I wanted to make sure Meyer wasn't taken out of context, so I went back to listen to the interview. The question comes at the 2:25 mark:
Question: "Urban, you won two national titles in the SEC, and that league is on a heck of a roll, and I know you get asked this question all the time. ... You guys are on a heck of a roll right now, your rival to the north [Michigan] seems to be doing pretty good -- they had the nice class [Wednesday]. Is there any concern for you that the rest of the Big Ten isn’t holding up its end of the bargain, and do you think that’s important for what you’re trying to build here at Ohio State?"
Meyer: "Well, it’s not only important, it’s essential. It has to happen. And I don’t know enough about what goes on in the other programs. I know I have a lot of respect for the tradition and their historical success they’ve had, but we do need to as a conference need to keep pushing that envelope to be better. And I think ... our whole conversation [Monday] needs to be about how do we recruit? When you see 11 of the SEC teams are in the Top 25 in recruiting, that’s something we need to continue to work on and improve."
Here's the breakdown of the Top 40 classes, as ranked by Rivals.com:
SEC -- Alabama (1), Florida (4), LSU (6), Ole Miss (7), Auburn (8), Texas A&M (10), Georgia (12), South Carolina (16), Vanderbilt (19), Tennessee (20), Mississippi State (25), Arkansas (26), Kentucky (28), Missouri (39).
BIG TEN -- Ohio State (2), Michigan (5), Nebraska (17), Michigan State (38).

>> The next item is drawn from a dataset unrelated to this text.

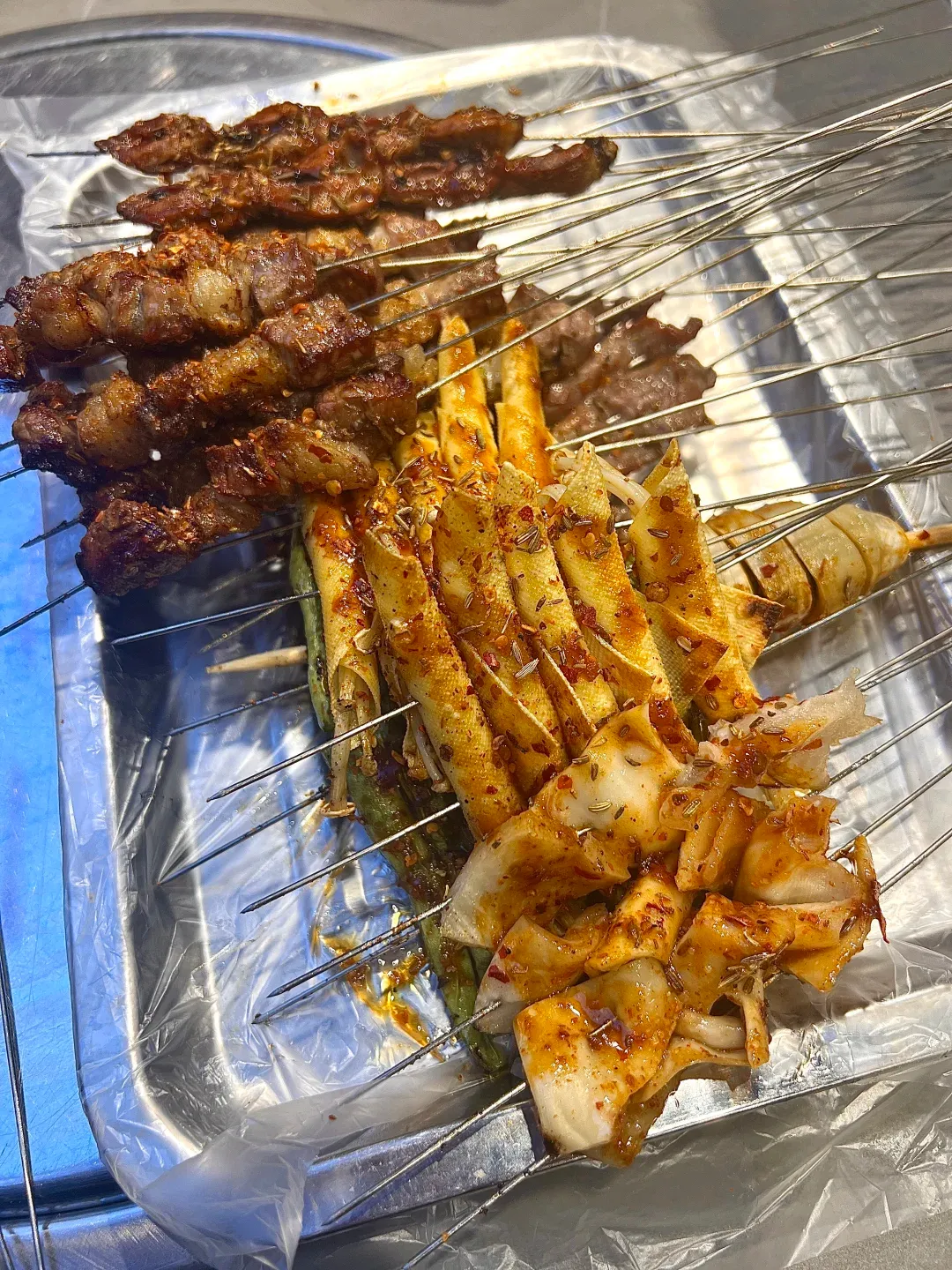 - 2 元 / 串的鱼豆腐、3 元 / 串的尖椒、10 元 / 份的韭菜、金针菇,烤得焦香入味,解腻又爽口,荤素搭配撸串不累!

Now, if Meyer wants to lead a discussion about how to put the Big Ten, as a whole, in better position to recruit, more power to him. He has concerns about 11 a.m. (Central) kickoffs, for example, and the difficulty teams have getting recruits to campus in time after their Friday night games.

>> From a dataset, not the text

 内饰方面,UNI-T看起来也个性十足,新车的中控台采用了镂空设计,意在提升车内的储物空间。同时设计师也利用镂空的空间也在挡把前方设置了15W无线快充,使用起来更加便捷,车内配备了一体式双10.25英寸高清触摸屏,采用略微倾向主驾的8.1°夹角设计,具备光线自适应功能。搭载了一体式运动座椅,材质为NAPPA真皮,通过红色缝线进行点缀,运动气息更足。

But he didn't handle the question very well. He could have taken the high road and been careful not to make it sound like he was calling out the other coaching staffs. His isn't the only one that recruits 24/7/365.
This year's 61st-ranked Gophers class can't match up with Ohio State's. Is that because Urban Meyer outhustled and outflanked Jerry Kill? Not necessarily. There are countless factors that go into it -- a program's recent success, facilities, game-day atmosphere, nearby talent pools.
Ohio State signed 10 players from Ohio, including five that are ranked as four-star recruits. Minnesota's talent crop was way down this year, so the Gophers signed one in-state kid and got the rest from 11 other states, including Florida (four), Georgia (three), Texas (two) and California (one).
Kill's staff combed the country, just as Meyer's did. The assistant coaches were everywhere, and Kill made home visits to all but one of the players Minnesota signed.
"This is the hardest as a head coach that I've gone in 32 years," Kill said Wednesday. "I mean, I have competed, hard. Because I know I have to."
So Meyer might have some ideas about game times and other logistics. But to suggest that he's going to give Kill and these other coaches a little kick in the butt Monday? Please.